Anyway, after some researching I ran this command

#su rabbitmq
bash-4.1$ ulimit -a
=============================
core file size          (blocks, -c) 0
data seg size           (kbytes, -d) unlimited
scheduling priority             (-e) 0
file size               (blocks, -f) unlimited
pending signals                 (-i) 128218
max locked memory       (kbytes, -l) 64
max memory size         (kbytes, -m) 131072
open files                      (-n) 4096
pipe size            (512 bytes, -p) 8
POSIX message queues     (bytes, -q) 819200
real-time priority              (-r) 0
stack size              (kbytes, -s) 8192
cpu time               (seconds, -t) unlimited
max user processes              (-u) 100
virtual memory          (kbytes, -v) unlimited
file locks                      (-x) unlimited

The important thing here is this part:

 max user processes              (-u) 100

Checking my development box ( which has a functional RabbitMq installation with the management plugin ) I further saw this.

 Erlang processes   206

So it doesn't really take a genius to figure out that 206 is more then 100 so after some more research I discovered the default value for this setting is typically 1024, and that i can change it in /etc/security/limits.conf In that file I found

 *               hard    nproc           100

So I just upped that to the 1024 amount for the rabbitmq user

 rabbitmq                 hard    nproc           1024

And it fired right up! After starting it and checking the status, I see this

 {processes,[{limit,1048576},{used,147}]},

I believe the limit here is system wide? Still not really sure how the erlang process and these other process numbers relate.

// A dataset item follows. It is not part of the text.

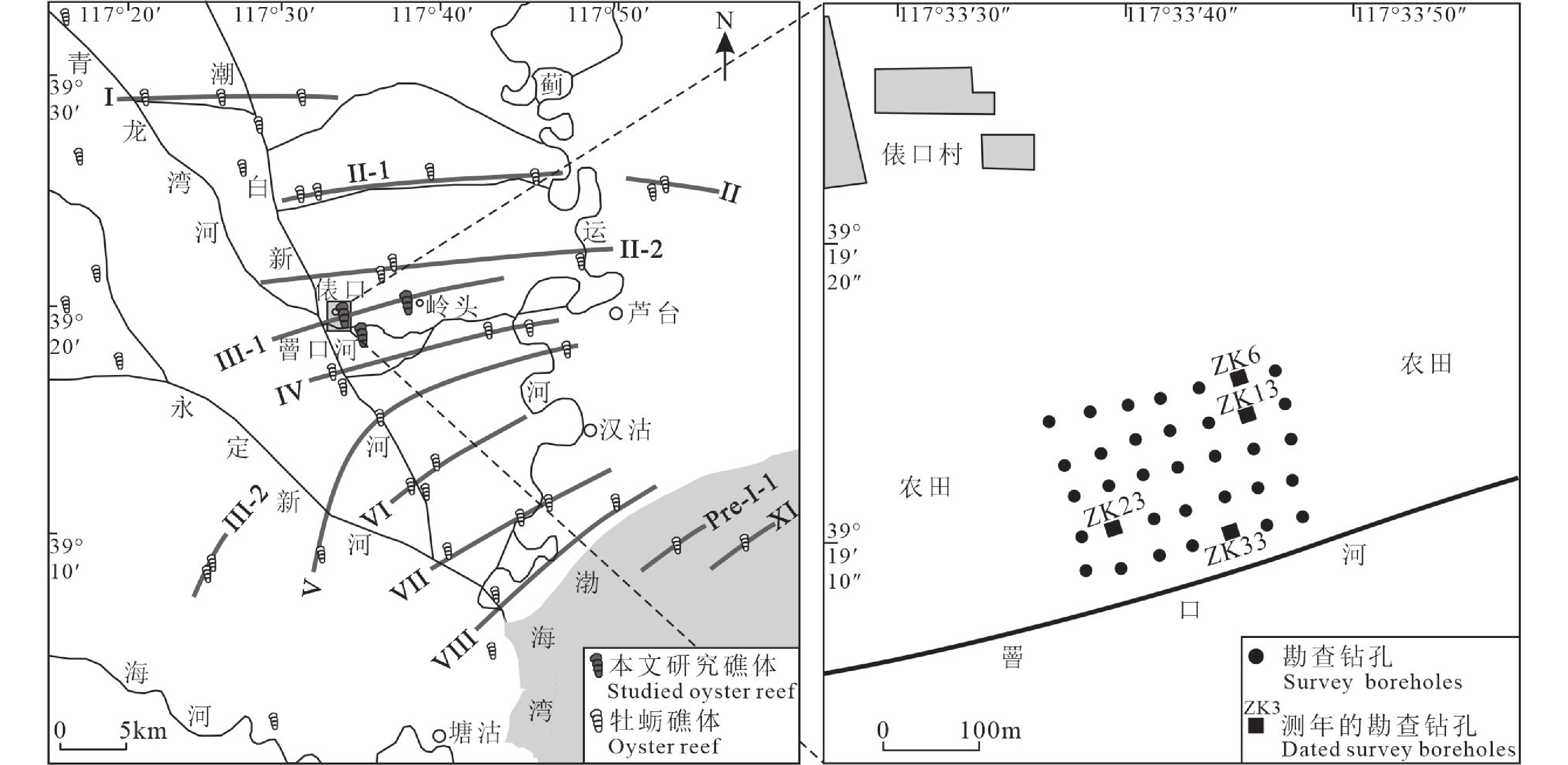 渤海湾西北部沿海平原(“牡蛎礁平原”)和毗邻浅海区的一个典型而独特的地质现象,是存在众多的全新世埋藏牡蛎礁体,目前在约3500 km2的范围内已发现了50余处,按它们的时空分布,可大致划分为10个礁群(王宏等, 2006;王海峰等, 2011;商志文等, 2013

So in conclusion 100 process is not enough for erlang to work. This is a cloud hosted SSAE 16 dedicated webserver, typically the hosting company sets these up for use for resellers, ie. you can farm out parts of the server to host you're clients websites. This is most likely why they set a default limit so low. We use this type of server because we do a lot of database querying and report writing, and it offers a fair amount of power for what we pay. So while the hardware meets our needs, the configuration doesn't fit our use case as well.

Hopefully this can help someone in the future.